Op grond van artikel 25, negende lid, van de Wet WIA verlengt het UWV het tijdvak van artikel 7:629, eerste lid, van het BW van 104 weken met ten hoogste 52 weken als de werkgever zonder deugdelijke grond onvoldoende re-integratie-inspanningen heeft gepleegd. Artikel 7:629, eerste lid, van het BW legt op de werkgever de verplichting om gedurende 104 weken loon door te betalen aan een werknemer die onder meer ten gevolge van ziekte de bedongen arbeid niet (volledig) heeft verricht. Het loonsanctiebesluit van het UWV leidt op grond van artikel 7:629, elfde lid, onder b, van het BW ertoe dat deze werknemer gedurende de periode van de loonsanctie recht behoudt op loon. Op grond van artikel 7:670, eerste lid, van het BW in samenhang met het (per 1 juli 2015 tot elfde lid vernummerde) tiende lid, onder c, van dat artikel blijft gedurende de periode van de loonsanctie voor de werkgever het opzegverbod wegens ziekte bestaan. De werkgever blijft op grond van artikel 7:658a, eerste lid, van het BW gedurende die periode ook belast met de verplichting de inschakeling van de werknemer in passende arbeid in zijn eigen bedrijf of in het bedrijf van een andere werkgever te bevorderen.
De wettelijke regeling van de loonsanctie in de Wet WIA en het BW verplicht de werkgever bij instandhouding van de arbeidsovereenkomst het naar tijdruimte vastgestelde loon zoals bepaald in artikel 7:629, eerste lid van het BW, voort te zetten. De instandhouding van de door de werkgever en de werknemer gesloten overeenkomst brengt mee dat er een rechtstreeks verband is met de opgelegde loonsanctie voor zover het gaat om betalingen waartoe de werkgever uit hoofde van die overeenkomst gedurende het derde ziektejaar verplicht was. Het gaat daarbij om betalingen die voortvloeien uit afspraken die werkgever en werknemer hebben gemaakt over de verplichtingen en inspanningen van de werkgever die zullen gelden in het derde ziektejaar en die voldoende concreet zijn en door de werknemer zijn af te dwingen. Voor zover het gaat om betalingen in verband met de voortzetting van het dienstverband waartoe de werkgever zich in het kader van de arbeidsovereenkomst niet heeft verplicht, kan het UWV worden gevolgd in de opvatting dat die betalingen niet hun oorzaak vinden in de opgelegde loonsanctie. Voor zover de werkgever in het derde ziektejaar betalingen heeft verricht waartoe hij niet op grond van een individuele of (algemeen verbindend verklaarde) collectieve arbeidsovereenkomst gehouden was of die niet rechtstreeks voortvloeien uit zijn re-integratieverplichtingen kan in het geval van een ten onrechte opgelegde loonsanctie niet worden gezegd dat wat betaald is een op het UWV te verhalen schadepost is.

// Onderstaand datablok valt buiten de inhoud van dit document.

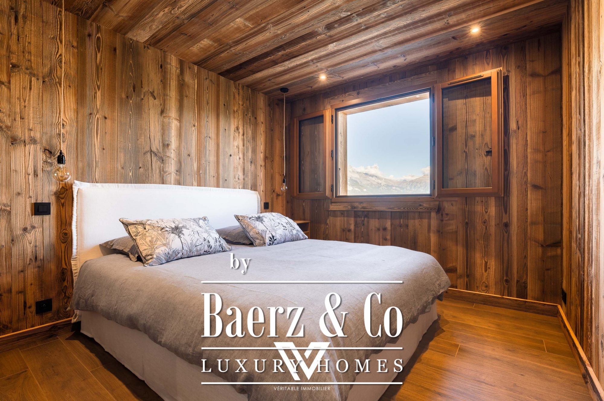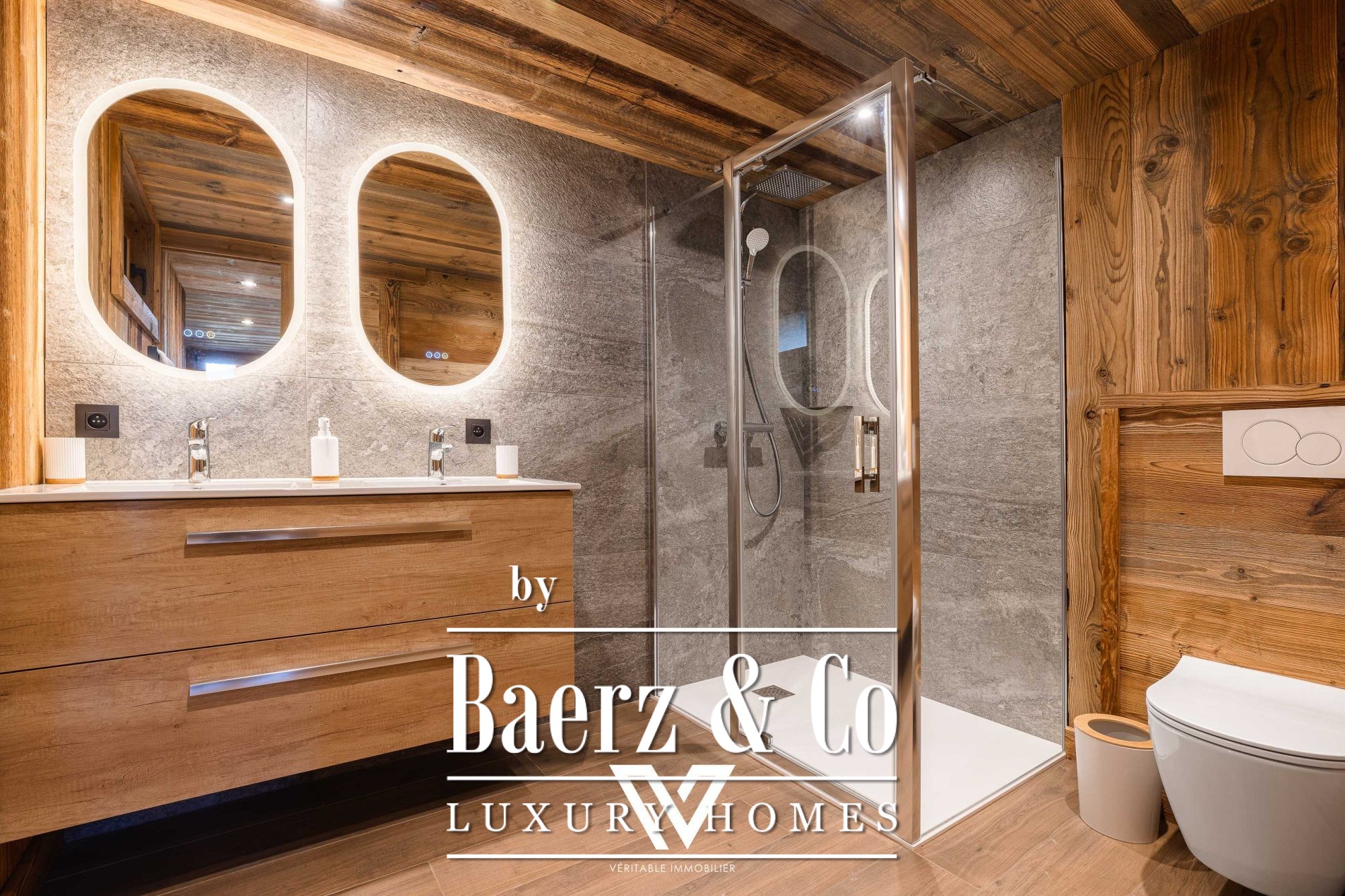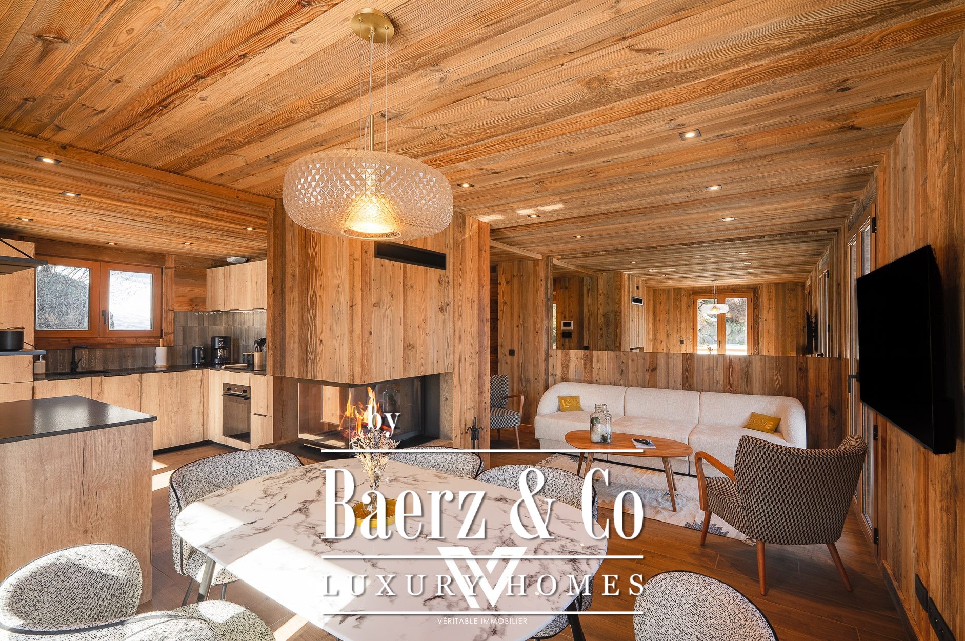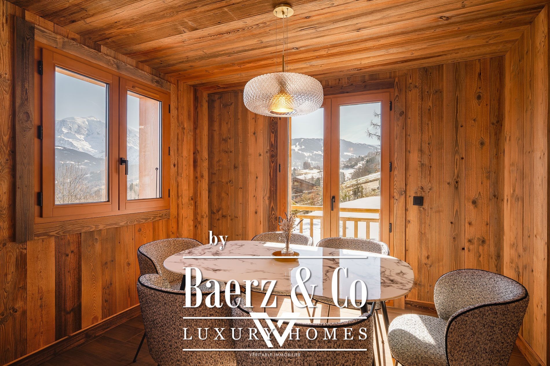 Chalet Combloux met uitzicht op de Mont Blanc is een uitzonderlijke residentie die met grote zorg en aandacht voor milieuvriendelijkheid opnieuw is vormgegeven. Dit volledig gerenoveerde chalet van 147 m² is gerealiseerd met hoogwaardige, milieuvriendelijke materialen en combineert verfijnde afwerking met voelbare warmte, gelegen op een perceel van 785 m² in deze befaamde alpine omgeving.
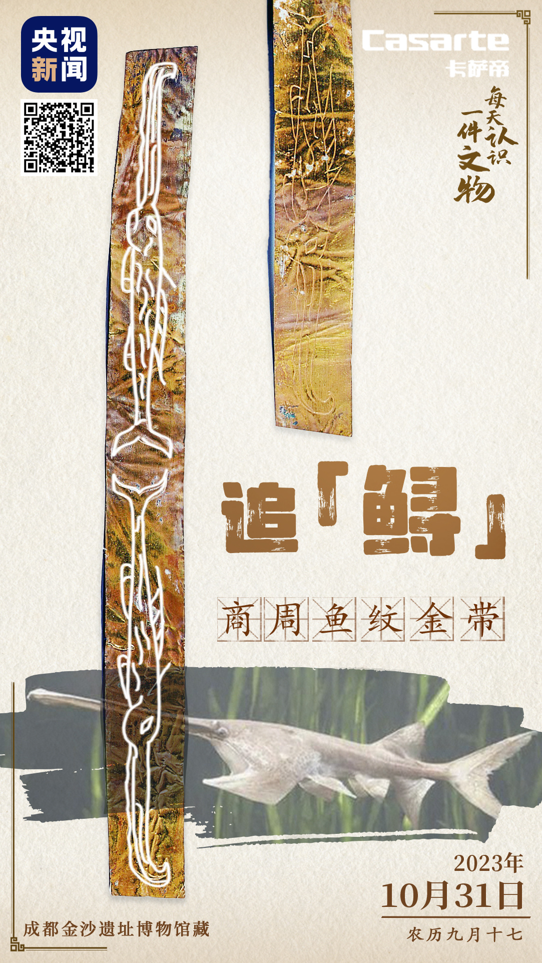 两条金带刻画着四条怪鱼鱼纹竟是长江白鲟

Dit betekent dat in 12/5006 WIA-S, ECLI:NL:CRVB:2015:4452 niet wordt voldaan aan het vereiste om de betaalde aanvulling boven 70% van het loon als aan het UWV toe te rekenen schade te beschouwen.
Het verzoek om schadevergoeding in 13/5796 WIA-S, ECLI:NL:CRVB:2015:4236 wordt toegewezen tot de bedragen van de premie van de WGA-hiaatverzekering en ANW-gatverzekering, alsmede het bedrag aan reiskosten dat aan werknemer is betaald in het loonsanctiejaar.
De Centrale Raad van Beroep is de hoogste rechter op het gebied van het sociale bestuursrecht, het ambtenarenrecht en delen van het pensioenrecht.
Dit is een nieuwsbericht op basis van de genoemde uitspraak van de Centrale Raad van Beroep. Bij verschil tussen dit nieuwsbericht en de volledige uitspraak is laatstgenoemde beslissend.